Omit all pictures and transcribe only the lines in the entries below that run from the line with "優秀賞 岩国往来（山口県岩国市）" through the line with "Hanno goduto di".

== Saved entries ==
____
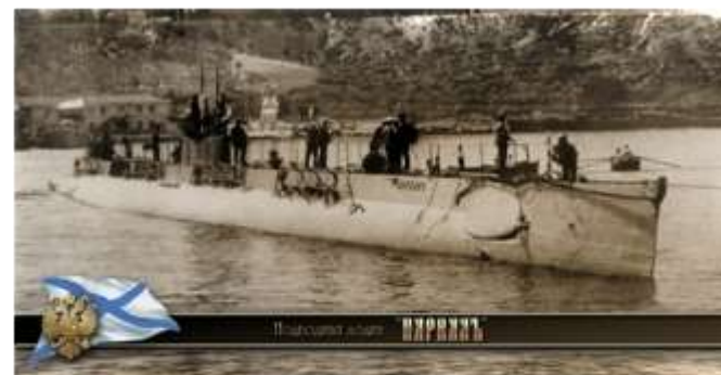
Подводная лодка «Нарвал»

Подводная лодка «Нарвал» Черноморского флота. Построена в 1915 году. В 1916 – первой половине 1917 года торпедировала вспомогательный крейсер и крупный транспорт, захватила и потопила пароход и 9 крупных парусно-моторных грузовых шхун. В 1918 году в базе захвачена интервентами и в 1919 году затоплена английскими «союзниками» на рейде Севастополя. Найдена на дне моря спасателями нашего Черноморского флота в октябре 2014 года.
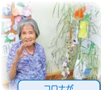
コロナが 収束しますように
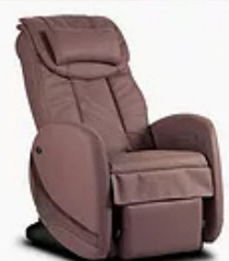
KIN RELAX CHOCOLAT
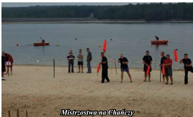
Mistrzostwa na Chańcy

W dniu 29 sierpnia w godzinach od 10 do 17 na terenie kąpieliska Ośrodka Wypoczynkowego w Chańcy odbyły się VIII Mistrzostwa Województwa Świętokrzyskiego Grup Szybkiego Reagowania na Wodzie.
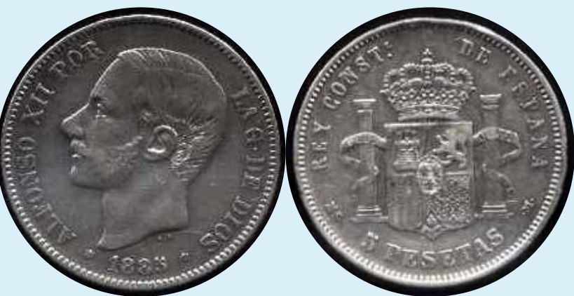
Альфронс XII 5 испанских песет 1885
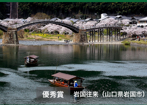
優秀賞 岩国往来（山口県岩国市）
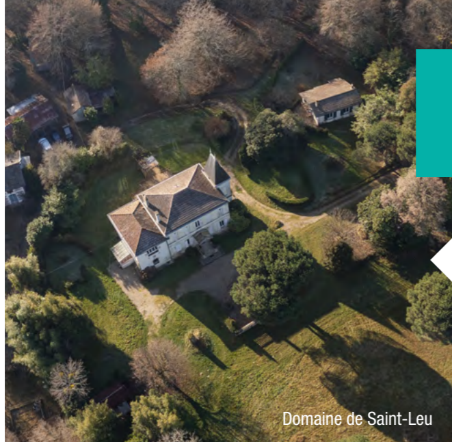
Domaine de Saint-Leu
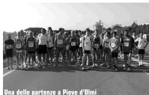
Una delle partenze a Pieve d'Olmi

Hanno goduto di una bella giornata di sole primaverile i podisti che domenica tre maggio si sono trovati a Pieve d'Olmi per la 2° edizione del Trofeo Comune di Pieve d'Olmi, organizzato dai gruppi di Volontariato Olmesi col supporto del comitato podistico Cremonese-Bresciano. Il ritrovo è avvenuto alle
____
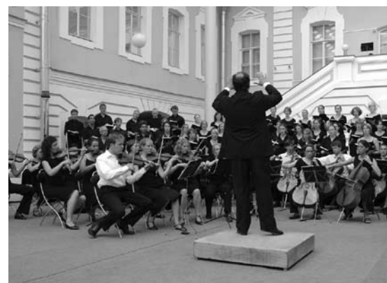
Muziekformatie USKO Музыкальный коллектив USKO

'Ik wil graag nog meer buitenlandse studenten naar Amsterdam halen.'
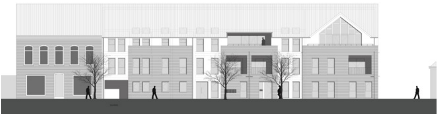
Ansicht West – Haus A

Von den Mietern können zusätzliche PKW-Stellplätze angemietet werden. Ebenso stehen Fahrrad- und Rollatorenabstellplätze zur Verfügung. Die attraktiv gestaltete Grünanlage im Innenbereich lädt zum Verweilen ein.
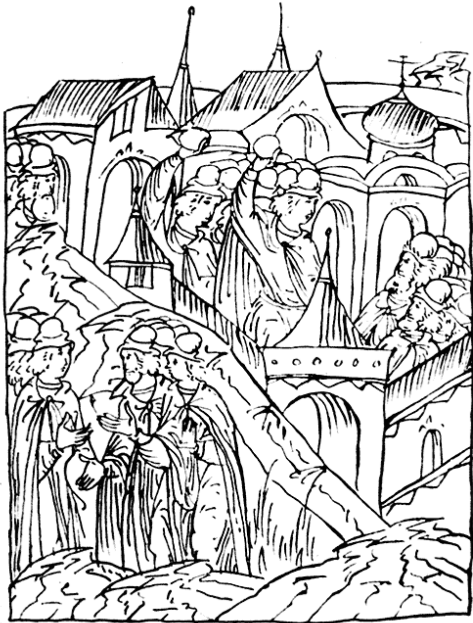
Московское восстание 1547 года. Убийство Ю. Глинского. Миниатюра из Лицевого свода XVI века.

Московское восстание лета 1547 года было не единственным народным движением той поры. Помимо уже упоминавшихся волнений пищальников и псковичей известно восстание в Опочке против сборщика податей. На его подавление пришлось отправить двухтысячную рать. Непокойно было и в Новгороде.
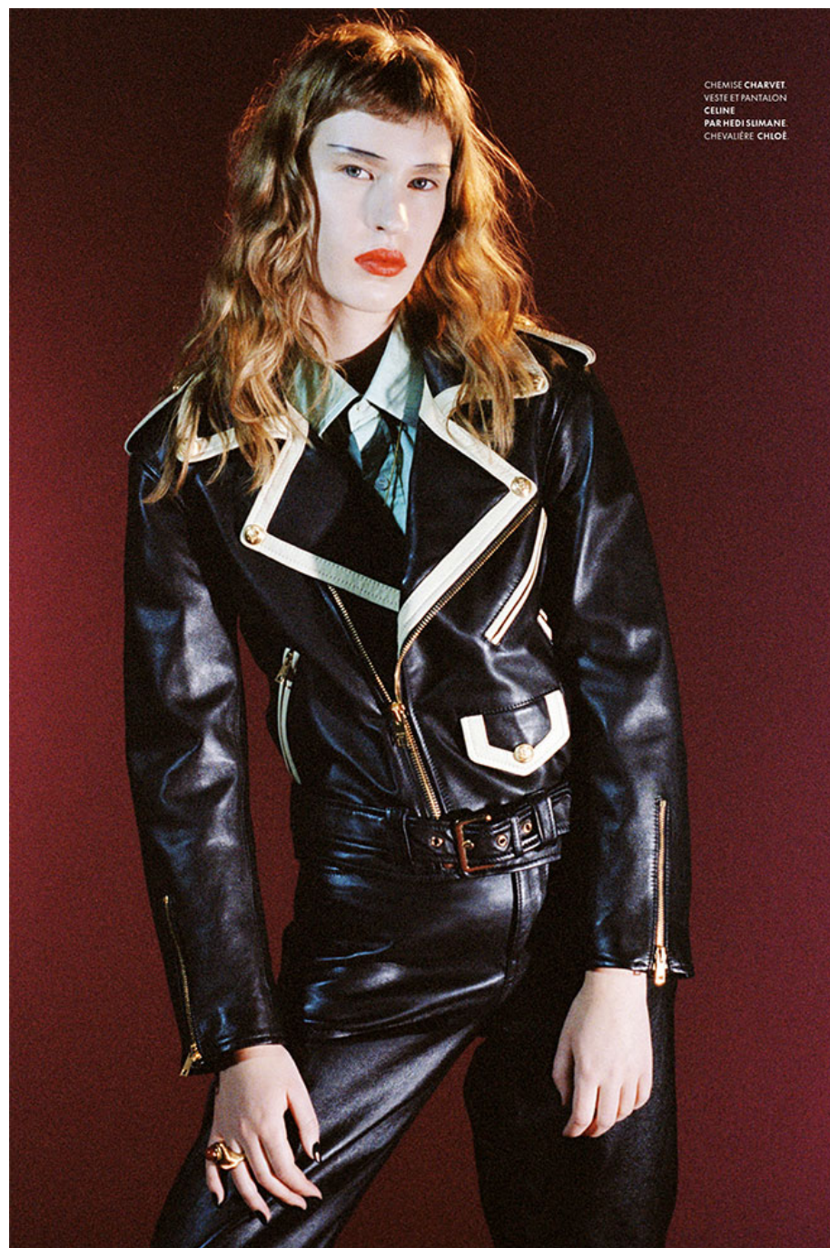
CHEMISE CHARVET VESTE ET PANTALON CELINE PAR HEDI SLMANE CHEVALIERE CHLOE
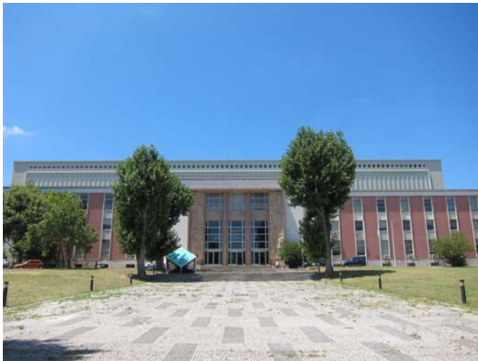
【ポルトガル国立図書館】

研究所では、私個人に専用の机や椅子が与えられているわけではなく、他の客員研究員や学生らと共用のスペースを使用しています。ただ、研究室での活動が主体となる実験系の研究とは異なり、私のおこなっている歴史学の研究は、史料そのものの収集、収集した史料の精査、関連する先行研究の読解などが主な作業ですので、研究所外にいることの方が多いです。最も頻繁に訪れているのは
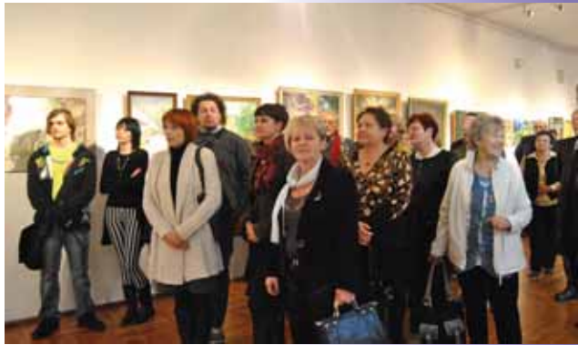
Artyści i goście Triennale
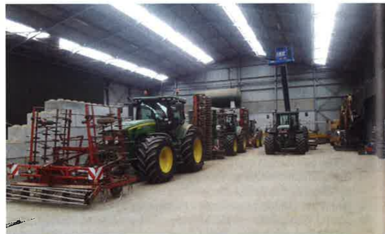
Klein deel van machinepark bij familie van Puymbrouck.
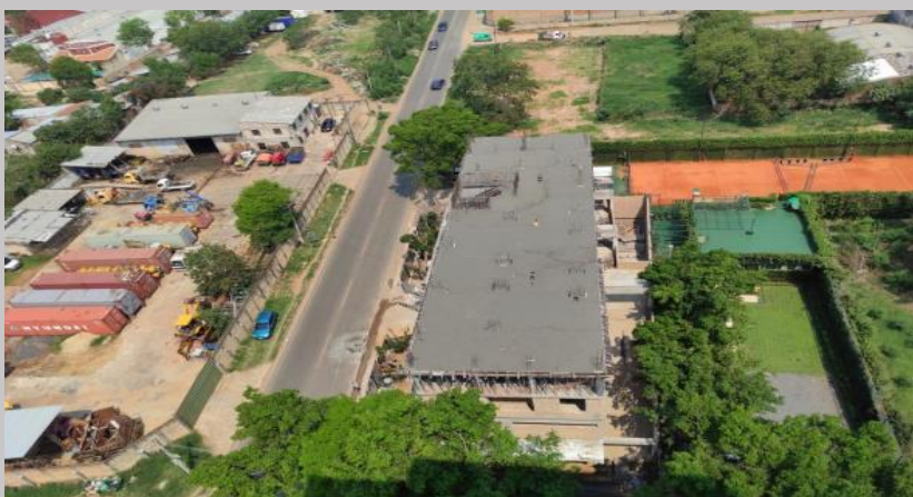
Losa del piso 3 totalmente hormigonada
____
== The completed task ==
優秀賞 岩国往来（山口県岩国市）
Domaine de Saint-Leu
Una delle partenze a Pieve d'Olmi

Hanno goduto di una bella giornata di sole primaverile i podisti che domenica tre maggio si sono trovati a Pieve d'Olmi per la 2° edizione del Trofeo Comune di Pieve d'Olmi, organizzato dai gruppi di Volontariato Olmesi col supporto del comitato podistico Cremonese-Bresciano. Il ritrovo è avvenuto alle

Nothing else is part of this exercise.